WHAT YOU SHOULD DO
Repeat, word for word, all the data that follows, and exclude the pictures.

——————

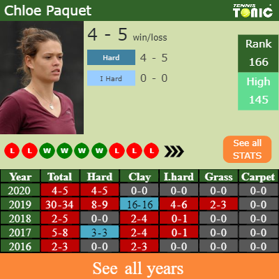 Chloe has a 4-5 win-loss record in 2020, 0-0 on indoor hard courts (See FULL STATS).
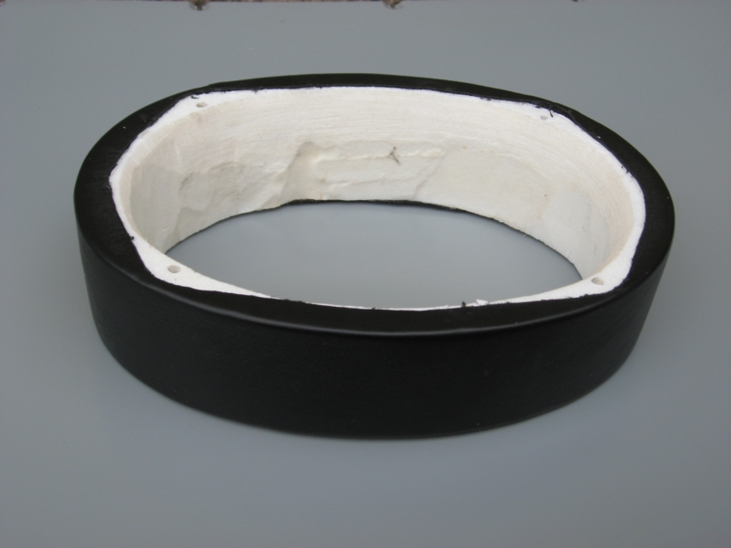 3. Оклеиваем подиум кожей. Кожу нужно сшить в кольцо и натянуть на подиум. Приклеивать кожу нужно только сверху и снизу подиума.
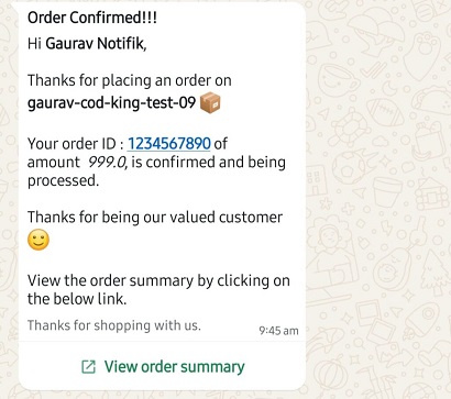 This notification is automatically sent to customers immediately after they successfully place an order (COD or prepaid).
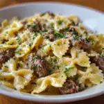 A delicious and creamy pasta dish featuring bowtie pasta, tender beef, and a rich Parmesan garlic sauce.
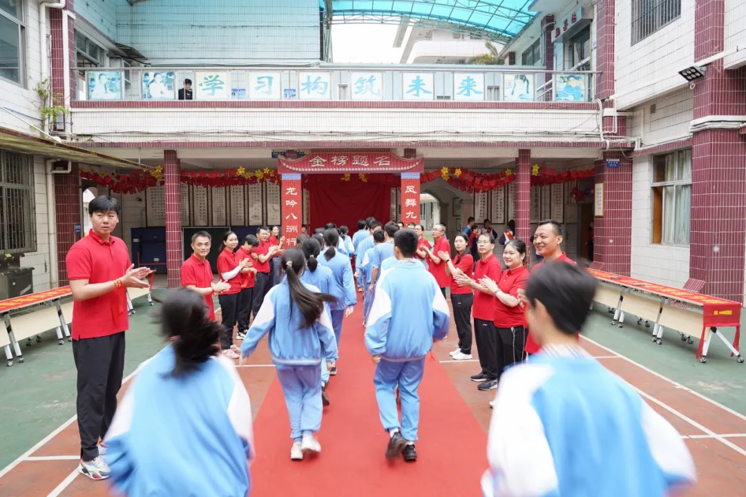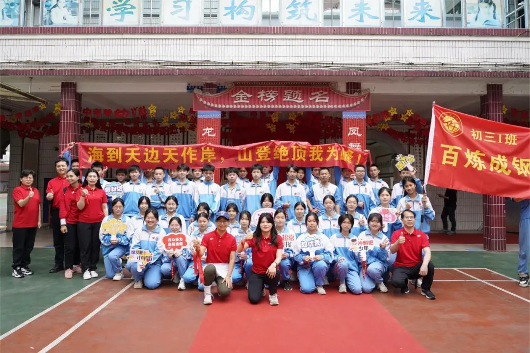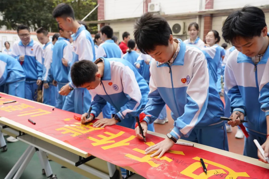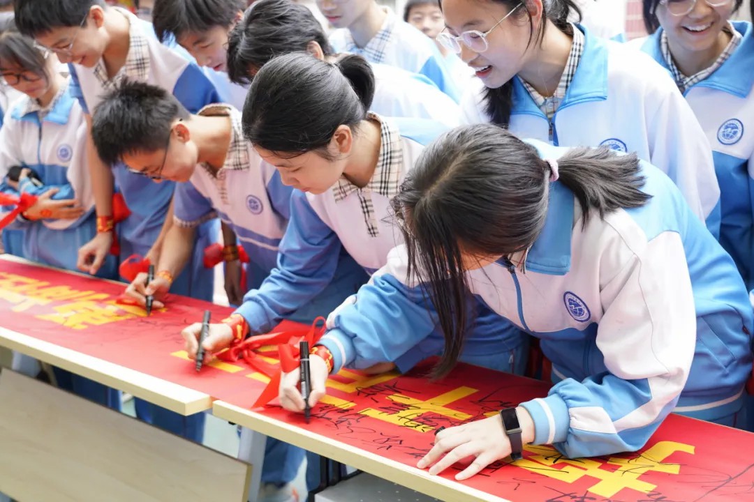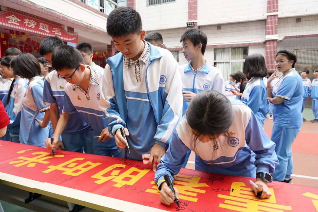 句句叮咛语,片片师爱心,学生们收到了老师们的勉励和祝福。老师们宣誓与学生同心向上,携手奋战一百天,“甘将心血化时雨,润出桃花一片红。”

——————

ANSWER AREA
 Chloe has a 4-5 win-loss record in 2020, 0-0 on indoor hard courts (See FULL STATS).
 3. Оклеиваем подиум кожей. Кожу нужно сшить в кольцо и натянуть на подиум. Приклеивать кожу нужно только сверху и снизу подиума.
 This notification is automatically sent to customers immediately after they successfully place an order (COD or prepaid).
 A delicious and creamy pasta dish featuring bowtie pasta, tender beef, and a rich Parmesan garlic sauce.
 句句叮咛语,片片师爱心,学生们收到了老师们的勉励和祝福。老师们宣誓与学生同心向上,携手奋战一百天,“甘将心血化时雨,润出桃花一片红。”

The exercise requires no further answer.